Agreed. Black gets equality at the absolute best but from what ive seen.. White gets fast development, good piece coordination, and a favorable opposite side castling. With all of those factors I ended up getting destroyed

Chessking4640
B1ZMARK wrote:
SamuelAjedrez95 wrote:
Trophies100 wrote:

I personally don’t like it because of 3. Nd2 and 3. Nc3

This is like the majority of the French lol. If you don't like these variations then don't play the French. Winawer and Steinitz are the coolest French lines. I think Rubinstein French isn't offering black as much.

Trophies doesn’t play the French anyways

rubenstein doesn’t offer white too much either, and is easy to play on low theory. Trade pieces, play c5, trade some more, win in endgame =)

c5 is the best for sure yeah

sndeww
SamuelAjedrez95 wrote:
B1ZMARK wrote:

Trophies doesn’t play the French anyways

rubenstein doesn’t offer white too much either, and is easy to play on low theory. Trade pieces, play c5, trade some more, win in endgame =)

I could've worded it better. The point is Nc3 and Nd2 is the bulk of what the French is. It's like saying I don't like the Sicilian because of Nf3-d4 or I don't like e5 because of Nf3-Bb5.

Rubinstein kind of sounds like French Exchange 2 lol. It's a way of playing for black but Winawer seems to give black better chances of fighting for a win.

aint much other way to play it w/o theory though like op asked

ssctk
cogadhtintreach wrote:

Nimzo considered the French almost refuted

Nimzowitsch played the French..

ssctk

The French is not as popular at 2700+ anymore. It's status at the very top in that respect is somewhat similar to the KID, played only occasionally.

However, unless from within your preparation you reach positions you don't want to play, I'd suggest to give it a go.

Nimzowitsch played the French, Botvinnik, Petrosian played it too. Korchnoi and Morozevich, ex world number 2, used to play it as well.

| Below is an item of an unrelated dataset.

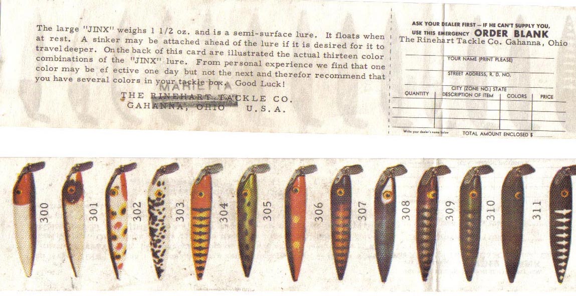 UPDATE: To learn more about Rinehart and the company's lures, pickup a copy of the book, "There's Something About A Jinx - The Fred Rinehart Company" by Cecil Douglas Carpenter published in January, 2013. This book is available from the Whitefish Press!

Karpov didn't score great vs the French ( in one tournament he even asked for Korchnoi's help! ), Karpov also didn't score much vs Korchnoi's French. Fischer thought of the Winawer as anti-positional, yet didn't have a great record against the French.

So it's an opening that Karpov & Fischer couldn't consistently blow off the board and Botvinnik and Petrosian were happy to play. This is well above being "sound" levels, it's at the "very interesting" levels.

If you like the positions you see in your preparation, give it a go.